The day after the latest issue was printed in Vinnytsia in western Ukraine, Oleksii filled the boot of his car with stacks of papers and set off to meet his readers and bring them the latest news.
His destination was Velyka Pysarivka, a village once home to 4,000 people hard up against the Russian border.
There is no longer any electricity or internet in the village - the transmission towers have been blown up by the Russians. The only news available is Russian radio from the other side of the border, which broadcasts music and propaganda.

Three years ago, at the start of the full-scale invasion, Russian tanks passed through the village, but they were unable to advance further, so after systematically destroying the infrastructure, they retreated back to Russia, leaving the locals in what amounted to an information blackout.
For a month Vorskla stopped printing. The editorial office in Velyka Pysarivka was dangerously close to the front. Locals were starving, two of the five-man editorial staff fled, and one journalist joined the Ukrainian army.
Then the first issue came out since the invasion had begun.
“Some people found out that Kyiv had not been occupied by the Russians only then. They cried when they read it,” said Oleksii.
The fare that the paper offers is unashamedly local and aims to appeal to a variety of tastes.
The front page of this year’s February 14 issue featured a portrait of a soldier born in a neighboring village who had recovered from a serious wound, thanks in part to community donations.

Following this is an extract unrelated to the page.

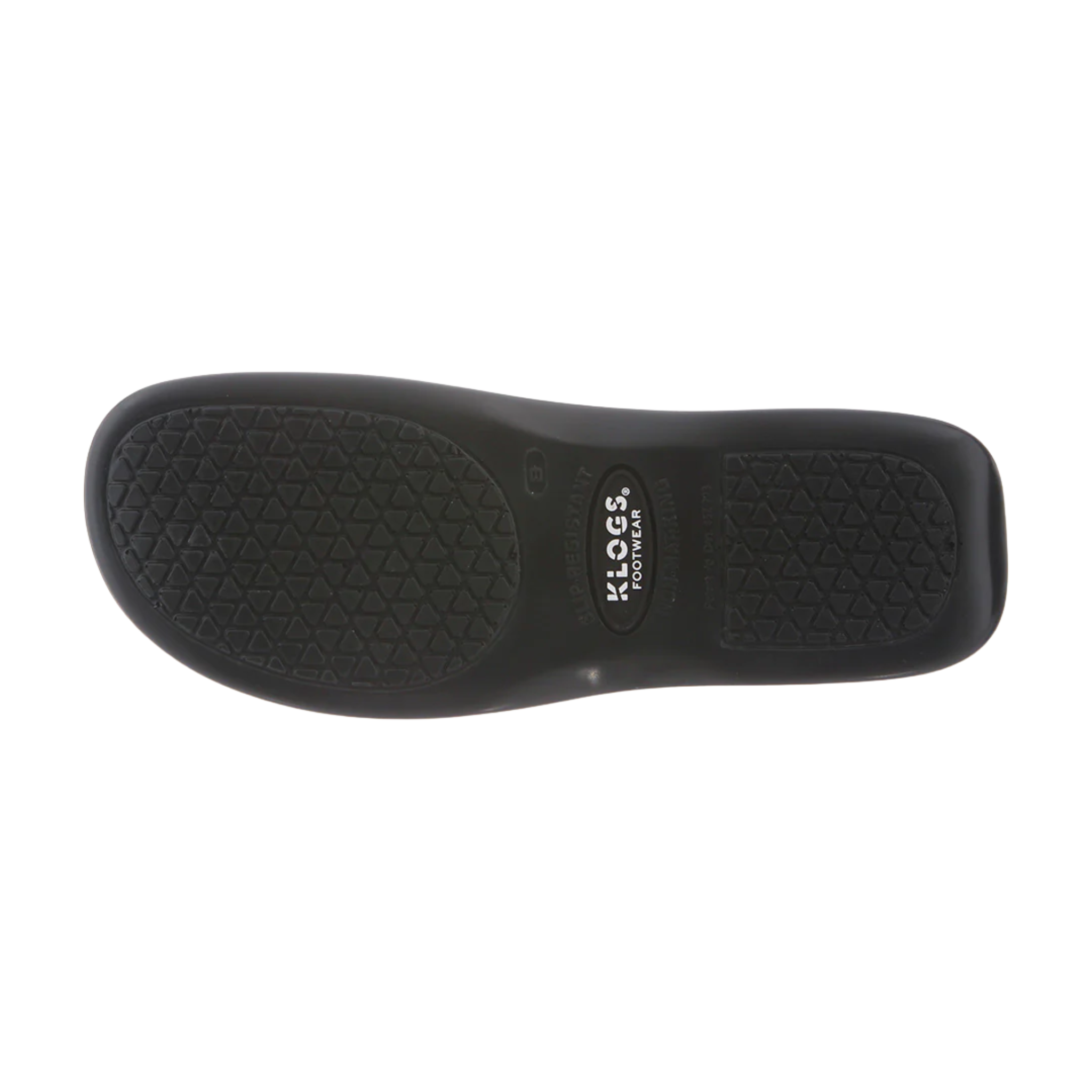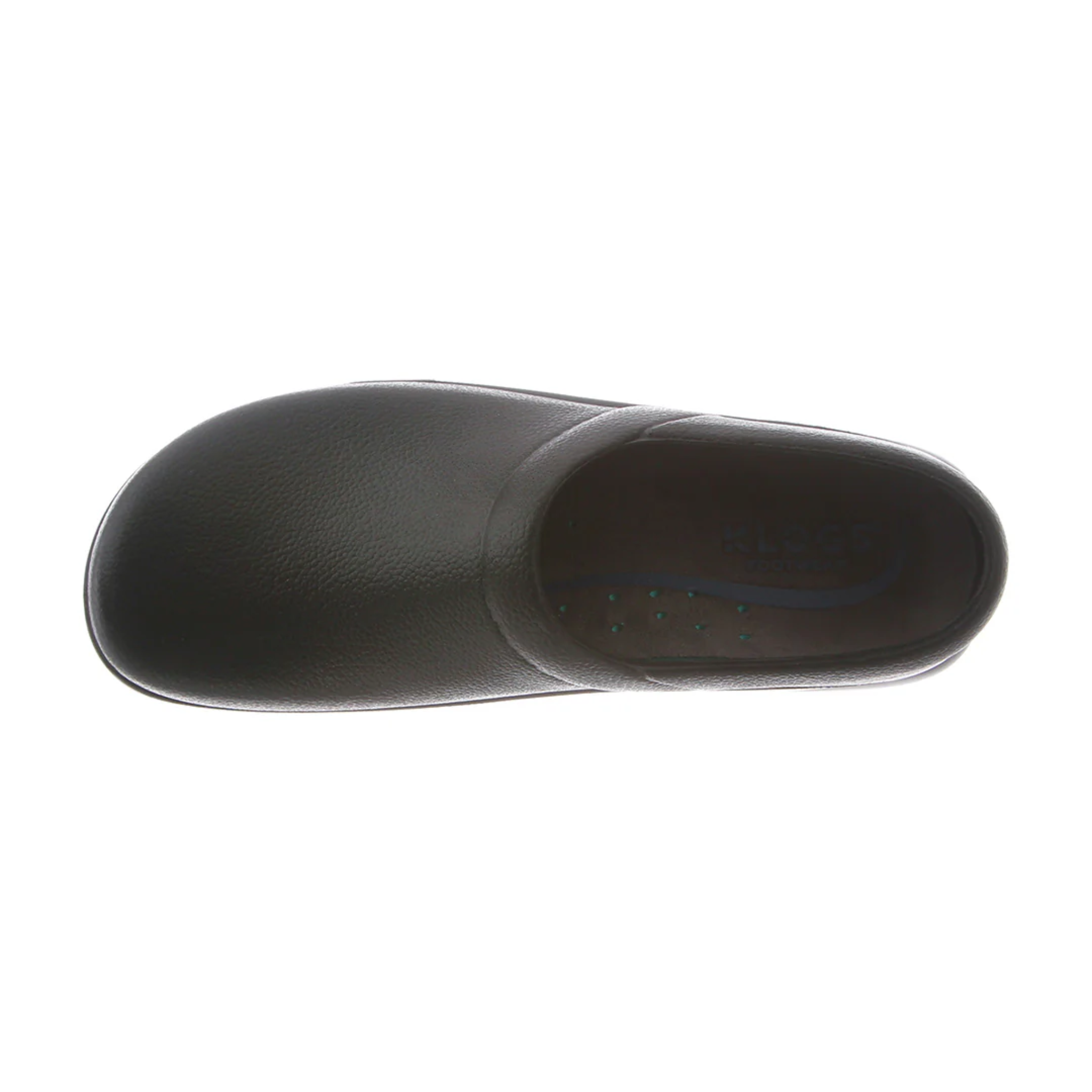 These Klogs Men's Bistro Work Shoes feature slip-resistant PURGrip treads designed to keep you stable on wet and oily surfaces. The open-back clog design offers easy on-and-off convenience, while the molded polyurethane construction provides durability through long shifts. TRUComfort insoles deliver arch support and cushioning that lasts, and the lightweight TRUBase outsole flexes naturally with your movement. Orthotic-friendly and sized specifically for the male foot, these shoes combine comfort with the safety features you need when working in kitchens or other food service environments.

It also included details of an award given to a local historian, news of a pension increase, a recipe for cheese fries - “for those who don’t have much time for breakfast or dinner, ready in a few minutes” – and a crossword.
As I accompanied him on his run Oleksii stopped at a roadside crucifix near Velyka Pysarivka and crossed himself three times.
His wife, Natalia, who also works at the paper, was with him. Then he rolled down the window and listened carefully. The village is often targeted by artillery and drones.
Arriving at a kiosk next to a blown-up petrol station, Oleksii got out and left five newspapers behind.
A little further on, he stopped next to an old man on a bicycle, called him by name, and handed him the latest issue.
As we drive on Oleksii pointed to bombed-out buildings. “This was the post office,” he said. “This was the school.”
Two walls and a door are all that remain of the local history museum but the locals have painted the door, and set up a mini-exhibition among the ruins.

At an intersection, a man stepped out from among the trees and shouted at Oleksii to stop. He pointed to the road: the head of an anti-tank missile the size of an ostrich egg was lying on the asphalt, dropped there by a Russian drone.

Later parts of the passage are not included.